YOUR TASK:
Without changing a word, repeat the data, and include no pictures.

PROVIDED MATERIAL:
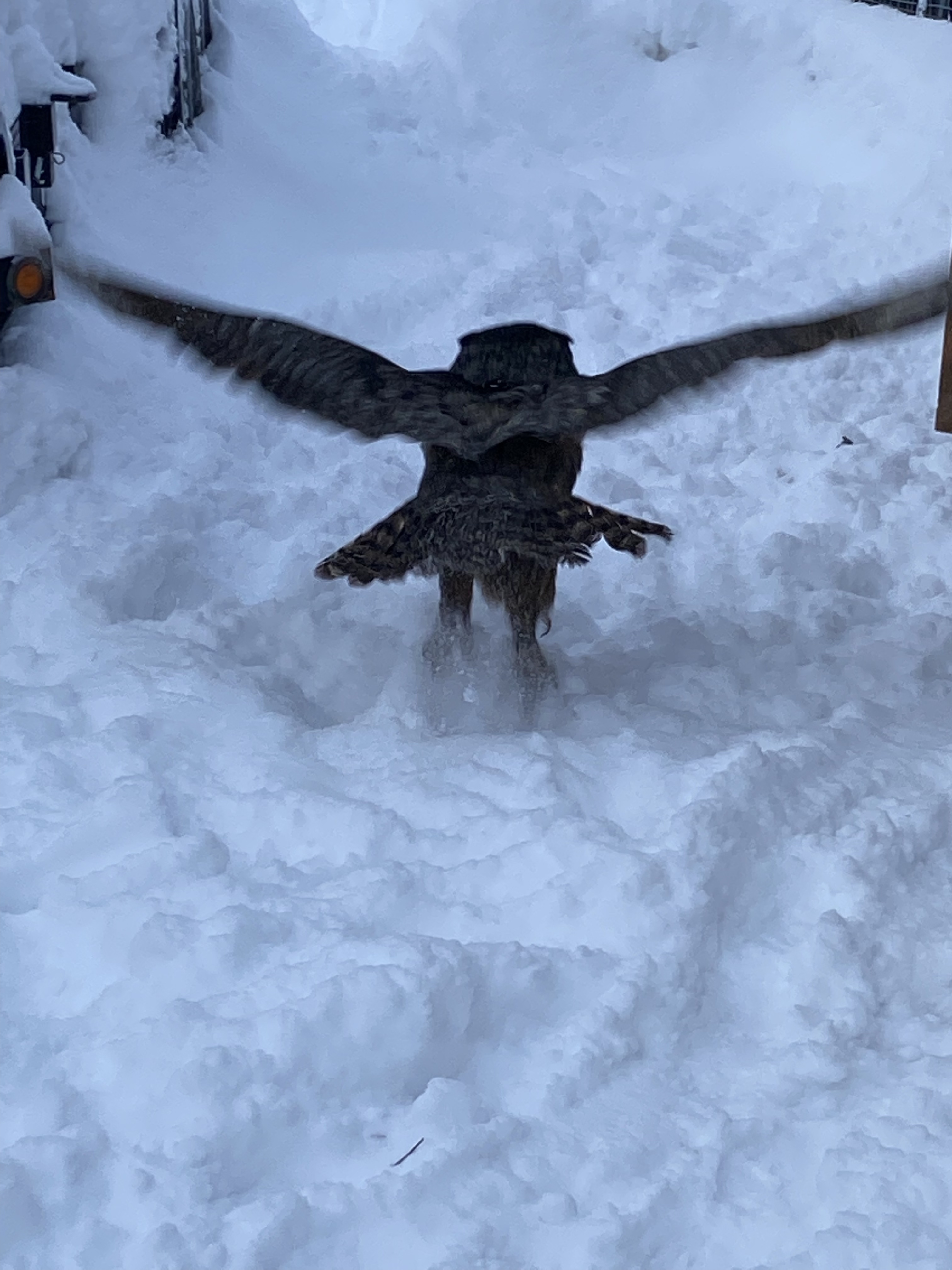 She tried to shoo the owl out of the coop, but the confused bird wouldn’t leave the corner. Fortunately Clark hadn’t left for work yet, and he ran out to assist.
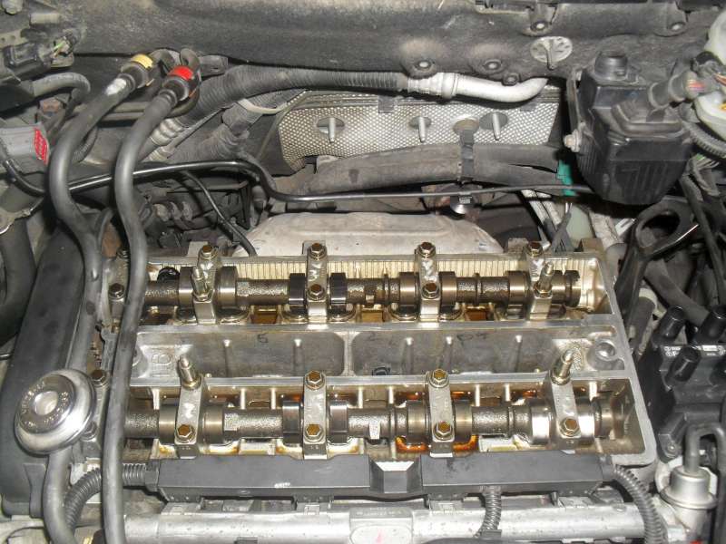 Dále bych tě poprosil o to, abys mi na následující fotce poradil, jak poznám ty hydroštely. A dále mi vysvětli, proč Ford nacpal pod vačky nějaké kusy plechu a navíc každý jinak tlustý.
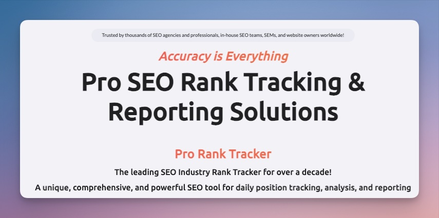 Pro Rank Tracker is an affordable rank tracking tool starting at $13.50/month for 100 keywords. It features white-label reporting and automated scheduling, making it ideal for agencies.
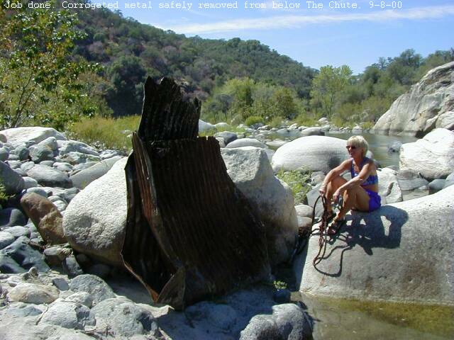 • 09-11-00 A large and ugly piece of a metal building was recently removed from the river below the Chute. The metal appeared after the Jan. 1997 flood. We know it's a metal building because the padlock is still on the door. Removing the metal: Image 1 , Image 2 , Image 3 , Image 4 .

WRITTEN REPLY:
 She tried to shoo the owl out of the coop, but the confused bird wouldn’t leave the corner. Fortunately Clark hadn’t left for work yet, and he ran out to assist.
 Dále bych tě poprosil o to, abys mi na následující fotce poradil, jak poznám ty hydroštely. A dále mi vysvětli, proč Ford nacpal pod vačky nějaké kusy plechu a navíc každý jinak tlustý.
 Pro Rank Tracker is an affordable rank tracking tool starting at $13.50/month for 100 keywords. It features white-label reporting and automated scheduling, making it ideal for agencies.
 • 09-11-00 A large and ugly piece of a metal building was recently removed from the river below the Chute. The metal appeared after the Jan. 1997 flood. We know it's a metal building because the padlock is still on the door. Removing the metal: Image 1 , Image 2 , Image 3 , Image 4 .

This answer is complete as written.